Book by Morley Callaghan

Such Is My Beloved is a novel by Canadian writer Morley Callaghan. It was first published in 1934 by Charles Scribner's Sons in New York City and Macmillan of Canada in Toronto.

==Plot==
Such Is My Beloved takes place in a city experiencing the economic hardships of the Great Depression. The main character is Father Stephen Dowling, a young, exuberant priest searching for the meaning of God's love. Dowling decides to try to help two young prostitutes, Ronnie and Midge, turn their lives around. The priest goes to great lengths to try to help them, such as giving them money and clothes, while trying to find them jobs. As the story progresses, Dowling becomes increasingly involved in the girls’ lives. He exhibits agape, a Greco-Christian term referring to the love of God, for the prostitutes and does everything he can to help them redeem their lives. His relationship with the prostitutes is condemned by his rich, self-righteous parishioners and his bishop. In the end, the girls are arrested for prostitution. Dowling feels that he has failed the girls and becomes grief-stricken. His anguish over the girls’ fate causes him to lose his sanity and subsequently he is removed from the church and sent away to an insane asylum. In the end, Dowling has a moment of clarity in which he sacrifices his own sanity to God to spare the girls’ souls. The novel closes on his realization of the purely Christian love he bears for Ronnie, Midge and for all of humanity.

==Setting==
Such Is My Beloved is set in a modern city (easily identifiable as Toronto) in Canada during the Great Depression. It is set in a generic society so that the reader does not get caught up in the location, but rather focuses on the story and characters. The setting is bland so that the social problems in the novel are more readily recognized and are easily contrasted. The major turning points in the novel occur in two locations, the hotel room where Ronnie and Midge live in the inner city, and the cathedral where Dowling encounters the Bishop. Such Is My Beloved begins in the winter, and ends in the springtime. Because it is set in the 1930s during the Great Depression, the city in which the novel takes place seems slightly run down and a bit dingy, but is for the most part a decent place to live. The hard times of the Depression are evident in the downtown area where Ronnie and Midge live. The setting also functions to create an atmosphere of sympathy for the girls, and is often used to overshadow that they are prostitutes, but because times are hard, what they do to earn an income is eventually accepted by the reader.

==Analysis==
This novel can be seen as a religious allegory, by placing certain characters in the shoes of Jesus, Judas, and Mary Magdalene. Like Jesus, Dowling sacrifices himself to save the souls of the people. Dowling saves Ronnie and Midge, and in doing so sacrifices his sanity. The setting of the novel also correlates with the life of Jesus, as the story begins in winter near Christmas and ends in the spring, coinciding with Easter.

==Characters==
Father Stephen Dowling - Dowling is young, white-faced, and enthusiastic. The white face symbolizes his innocence; his innocence mixed with his enthusiasm makes him quite naïve in serving in his parish, especially with visiting the prostitutes. With his enthusiasm and conviction to serving God, he parallels with Jesus, in that Jesus was also passionate with obeying and serving.

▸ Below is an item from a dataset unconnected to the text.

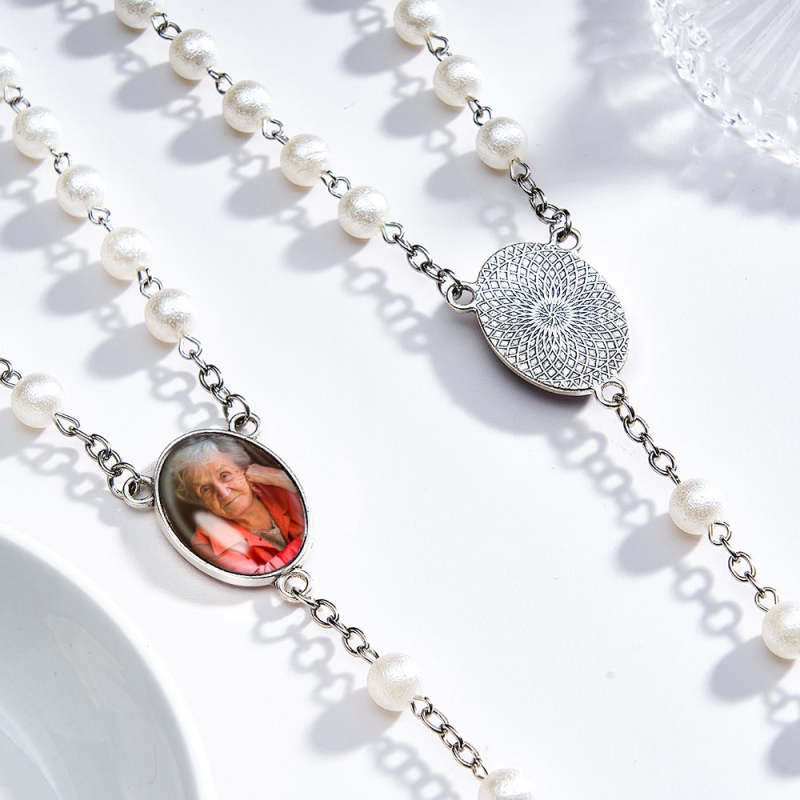 Collier Chapelet Personnalisé En Perles De Baie Blanche, Collier Personnalisé Avec Photo

Ronnie - Veronica 'Ronnie' Olsen is a tall, thin, fair haired woman. She is a prostitute and lives in a hotel room with Midge, another prostitute. Ronnie parallels with Martha in the bible. “Martha served Jesus when he visited. ‘But Martha was distracted by all the preparations that had to be made.’”(Luke 10:40) Ronnie is more confident in what she believes and how she acts, and it takes a while for Dowling to make an impression on her.

Midge - Catherine 'Midge' Bourassa is heavier set, short, with dark brown eyes, and black hair. Also a prostitute, Midge lives with Ronnie in the hotel. Midge is unlike Ronnie in that she is impressionable and welcomes Dowling. It is still quite hard for Dowling to convert her to his beliefs though, because she is influenced by Ronnie.

Mr. Robison - Mr. Robison is a strong influential man in the church parish. He is big, handsome, and white haired, with a florid face.

Mrs. Robison - Robison's wife, a hypocritical woman, condemns Dowling and his actions. She is disapproving of the girls and believes that they don't deserve the church's help.

The Bishop - The Bishop is the leader in the church. He has a large, dark face, swift moving eyes, and a double chin. The Bishop parallels with the leader Pontius Pilate in that they both condemn the innocent.

Father Anglin - Anglin is another priest in Dowling's church. He parallels with the Pharisees and the Sadducees. He has a lack of faith and tries to cover it up by appearing good and holy by standing in Dowling's way of doing good.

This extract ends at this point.